▸ **SUPPLIED MATERIAL**
╔══

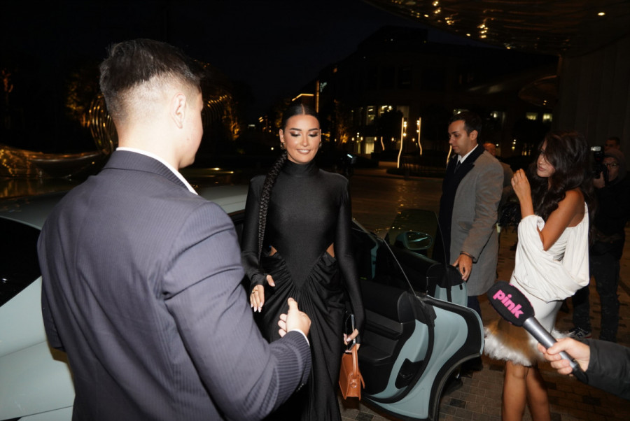 Muzička zvezde blistala je u elegantnoj crnoj, čipkanoj haljini koja u predelu kuka ima ogromnu mašnu od satena, a uz toaletu je savršeno uklopila crne čipkane čarape i bisernu ogrlicu, dok je devojka Andreja Taškovića pobrala sve komplimente u superlativu.
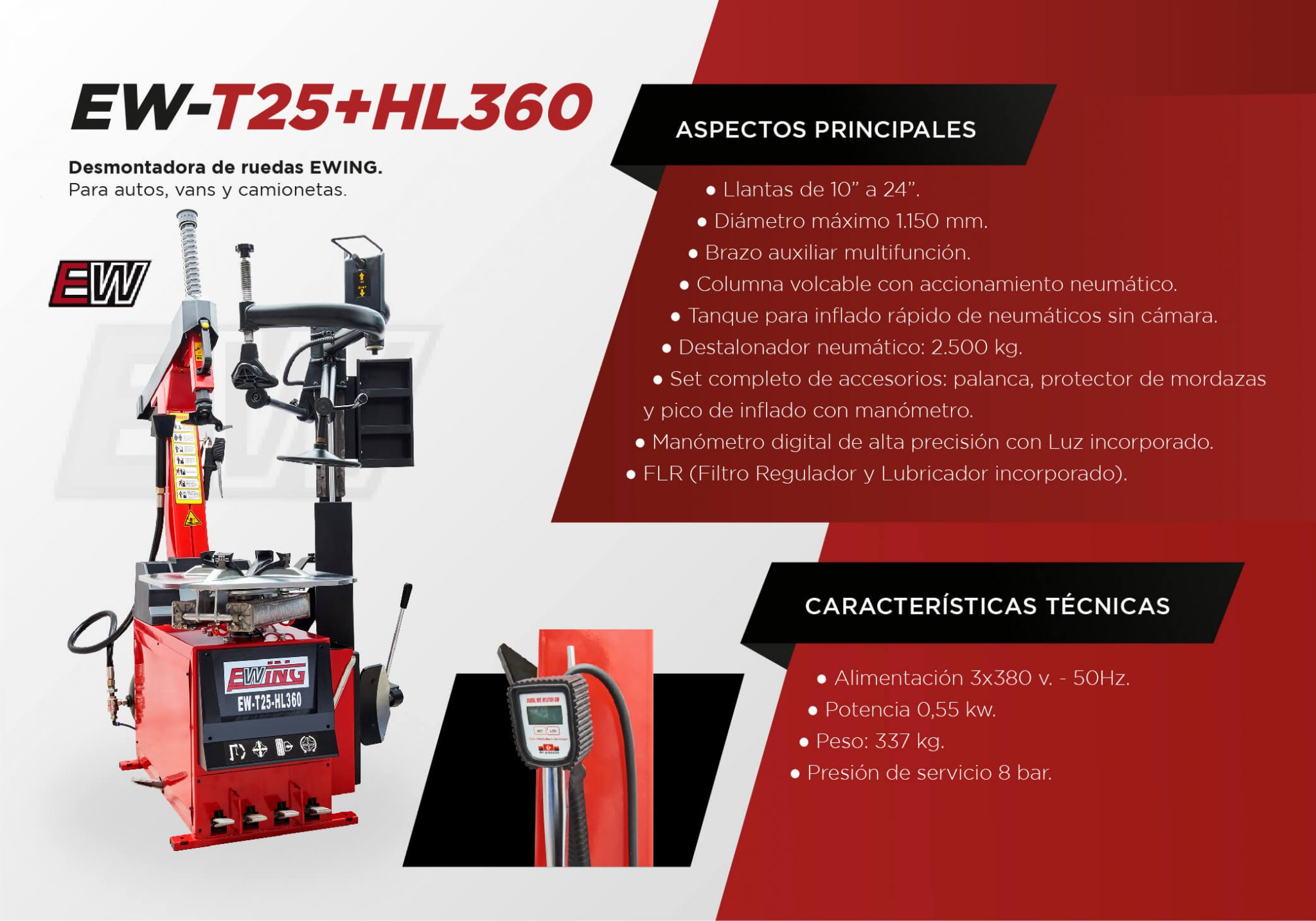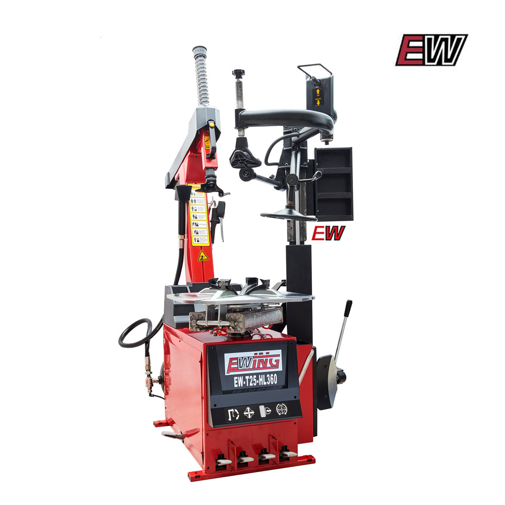 La desmontadora de neumáticos EW-T25+HL360 es la maquina ideal para trabajar con neumáticos de bajo perfil y del tipo RUN-FLAT. Pese a estar diseñada para trabajar con ese tipo de cubiertas, al contar con su brazo de apoyo multifunción de gran ángulo de apertura, le brinda al usuario la posibilidad de trabajar haciendo uso del mismo o simplemente aprovechar las ventajas de su columna volcable sin necesidad de utilizarlo pero contando con un gran espacio de trabajo para cualquier tipo de ruedas.
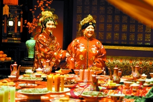 記者:今天拍的是“榮國府元宵開夜宴”的重頭戲,60多位演員都在,剛才看這場戲NG了幾十次?
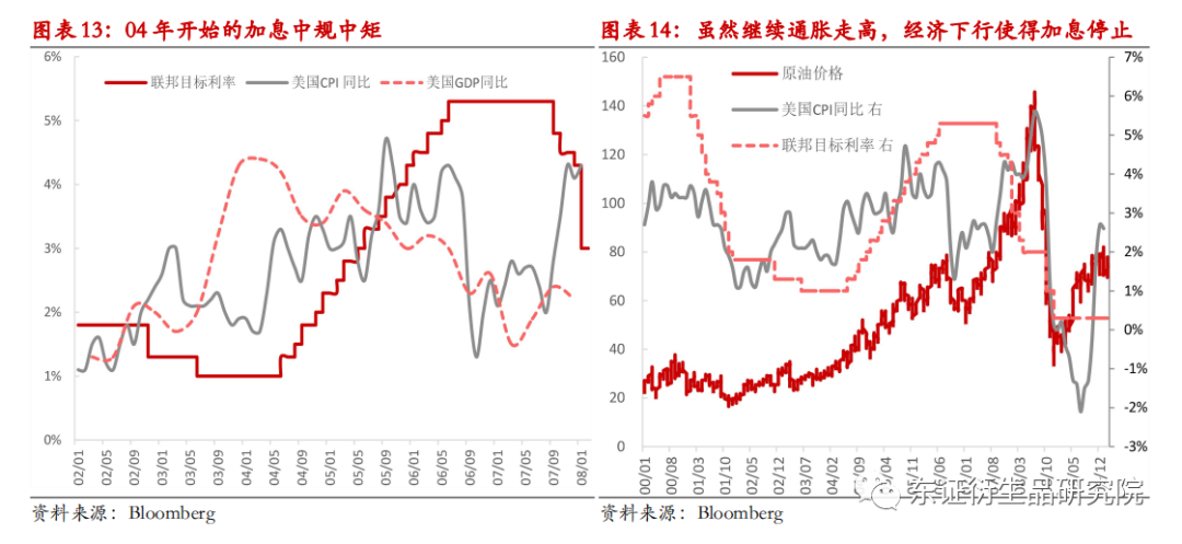 04年开始的加息是在失业率较低,经济增速处于高位开始,直接原因还是通胀持续上升引起的政策变动。04年开始的加息属于非常稳定的持续性加息,值得注意的是加息到07年9月就停止了,加息停止的时间节奏和通胀并非一致,原油价格在08年5月份达到高位,通胀并不是这次美联储加息停止的原因,而是经济形势在07年底出现了明显的走弱倾向,美联储不得不停止加息,那怕通胀实际上还是有上升的压力。实际上居民部门债务水平在加息结束前已经开始走弱,美联储在经济和通胀中选择了经济。
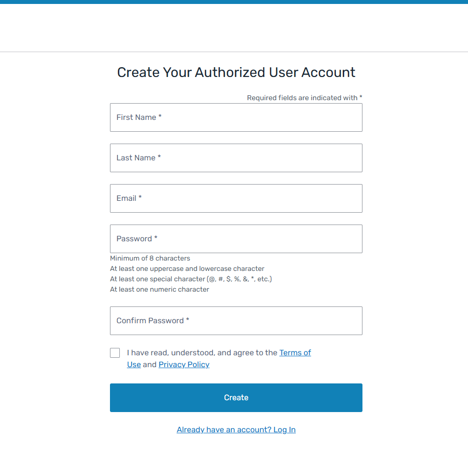 Create Your Authorized User Account page
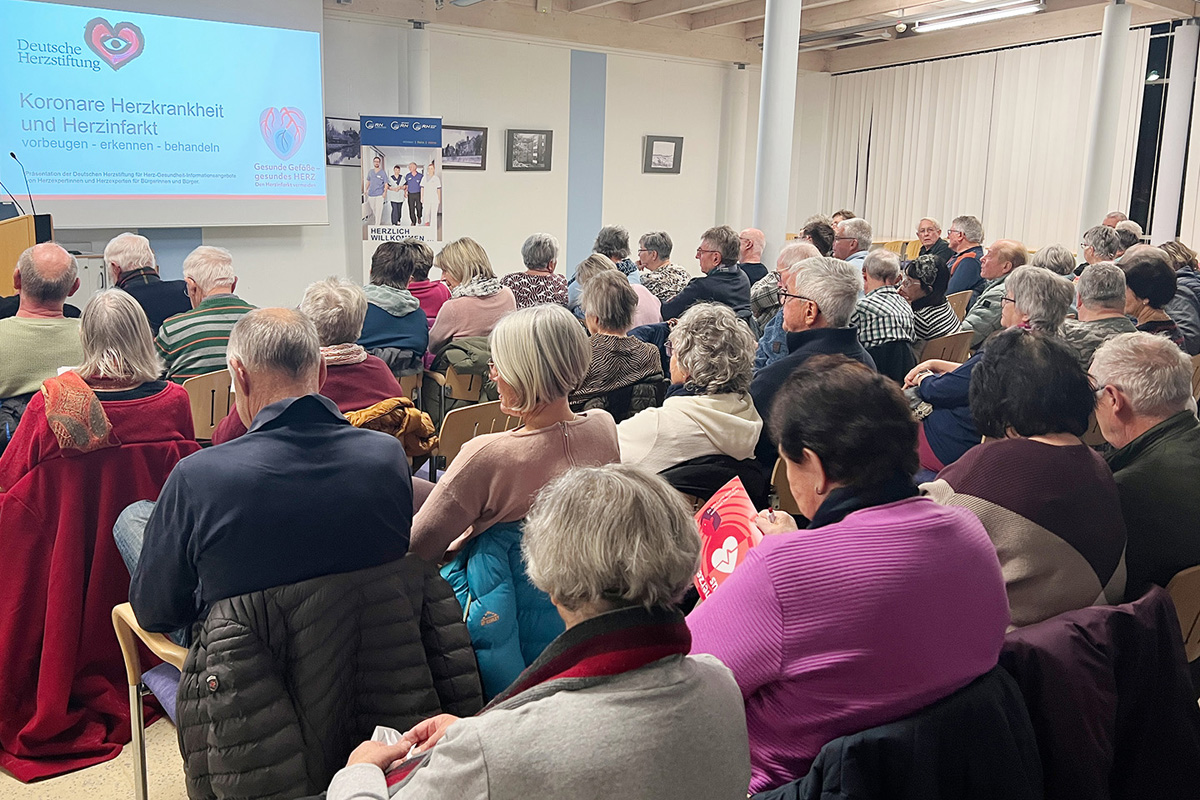Volles Haus im Casino der GRN-Klinik Sinsheim: Zahlreiche Besucherinnen und Besucher informierten sich bei der Veranstaltung „Gesunde Gefäße – gesundes Herz: Den Herzinfarkt vermeiden“ über koronare Herzkrankheit (KHK) und Herzinfarkt, die häufigsten Todesursachen in Deutschland.
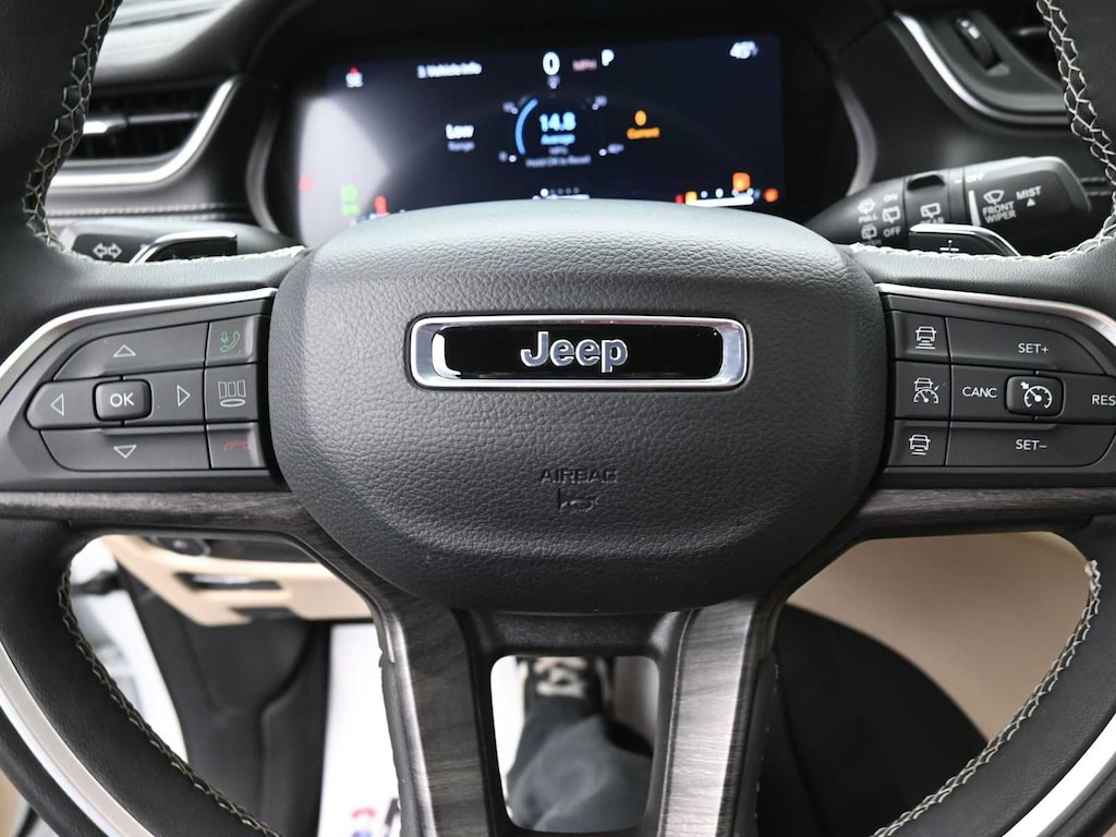 Navigation, Heated Driver Seat, Heated Rear Seat, Premium Sound System, Remote Engine Start Jeep Limited with Bright White Clearcoat exterior and Wicker Beige/Black interior features a V6 Cylinder Engine with 293 HP at 6400 RPM*.

╚══

▸ **EXERCISE GOAL**
Give the listing above again word for word, without its pictures.

▸ **EXPECTED ANSWER**
 Muzička zvezde blistala je u elegantnoj crnoj, čipkanoj haljini koja u predelu kuka ima ogromnu mašnu od satena, a uz toaletu je savršeno uklopila crne čipkane čarape i bisernu ogrlicu, dok je devojka Andreja Taškovića pobrala sve komplimente u superlativu.
 La desmontadora de neumáticos EW-T25+HL360 es la maquina ideal para trabajar con neumáticos de bajo perfil y del tipo RUN-FLAT. Pese a estar diseñada para trabajar con ese tipo de cubiertas, al contar con su brazo de apoyo multifunción de gran ángulo de apertura, le brinda al usuario la posibilidad de trabajar haciendo uso del mismo o simplemente aprovechar las ventajas de su columna volcable sin necesidad de utilizarlo pero contando con un gran espacio de trabajo para cualquier tipo de ruedas.
 記者:今天拍的是“榮國府元宵開夜宴”的重頭戲,60多位演員都在,剛才看這場戲NG了幾十次?
 04年开始的加息是在失业率较低,经济增速处于高位开始,直接原因还是通胀持续上升引起的政策变动。04年开始的加息属于非常稳定的持续性加息,值得注意的是加息到07年9月就停止了,加息停止的时间节奏和通胀并非一致,原油价格在08年5月份达到高位,通胀并不是这次美联储加息停止的原因,而是经济形势在07年底出现了明显的走弱倾向,美联储不得不停止加息,那怕通胀实际上还是有上升的压力。实际上居民部门债务水平在加息结束前已经开始走弱,美联储在经济和通胀中选择了经济。
 Create Your Authorized User Account page
Volles Haus im Casino der GRN-Klinik Sinsheim: Zahlreiche Besucherinnen und Besucher informierten sich bei der Veranstaltung „Gesunde Gefäße – gesundes Herz: Den Herzinfarkt vermeiden“ über koronare Herzkrankheit (KHK) und Herzinfarkt, die häufigsten Todesursachen in Deutschland.
 Navigation, Heated Driver Seat, Heated Rear Seat, Premium Sound System, Remote Engine Start Jeep Limited with Bright White Clearcoat exterior and Wicker Beige/Black interior features a V6 Cylinder Engine with 293 HP at 6400 RPM*.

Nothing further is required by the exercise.